Skip to content

feat: Box Snapshot API #205

@DorianZheng

Description

@DorianZheng

Overview

Add snapshot, export, import, and clone functionality to BoxLite.

PR #217 by @joeyaflores provides a solid foundation (disk filename constants, auto-migration, resolve_stopped_box helper).

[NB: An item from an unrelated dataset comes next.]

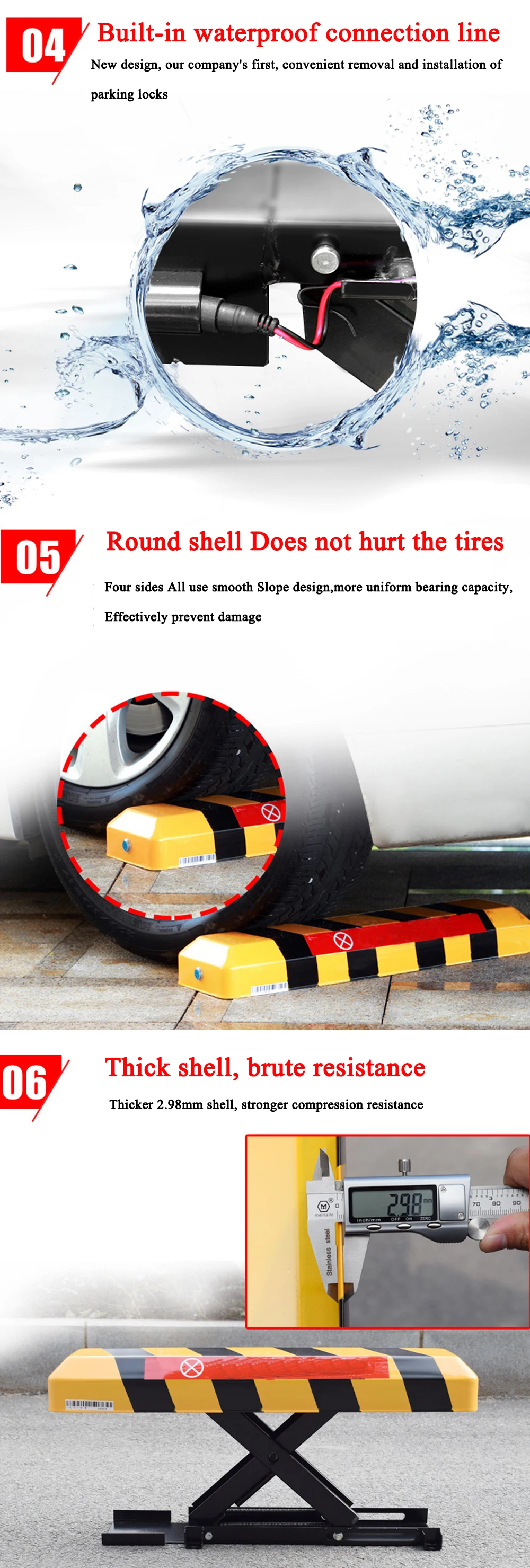 1. Модный дизайн: окрашенная поверхность, гладкая отделка; Рука в подъемном положении может быть 305 мм; 2. Сигнал тревоги для неавторизованной работы или наружной силы, пытающейся поставить руку вниз; 3. Водонепроницаемость: парковочный барьер хорошо работает, погружаясь в воду; 4. Защита от сползания: благодаря монтажным болтам внутри это невозможно; 5. Защита от давления: Чехол изготовлен из стали 3 мм, он прочный; 6. Мощность Индикатор состояния: в тех случаях, когда ток в режиме ожидания составляет менее 4,5 V, раздастся звуковой сигнал.

However the API architecture needs rework to match the design below — see Design Deviations from PR #217 at the bottom.

API Design (Final)

┌──────────────────────────────────────────────────────────────────────┐
│                       FINAL API (8 methods)                          │
├──────────────────────────────────────────────────────────────────────┤
│ LiteBox                              │ BoxliteRuntime                │
│ ─────────────────────────────────────│──────────────────────────────│
│ box.snapshot().create(name, opts)    │ runtime.import(archive, name) │
│ box.snapshot().list()                │                               │
│ box.snapshot().get(name)             │                               │
│ box.snapshot().remove(name)          │                               │
│ box.snapshot().restore(name)         │                               │
│ box.export(dest, opts)               │                               │
│ box.clone(name, opts)                │                               │
└──────────────────────────────────────────────────────────────────────┘

Ownership principle:

  • Has source box handle → box method (clone, export, snapshot.*)
  • No source box → runtime method (import creates from external archive)

Why sub-resource snapshot()?

  • Resolves @uran0sH's naming confusion (snapshot verb vs snapshots noun)
  • Clear CRUD semantics: create/list/get/remove/restore
  • Zero-cost in Rust (SnapshotHandle is just a &LiteBox reference)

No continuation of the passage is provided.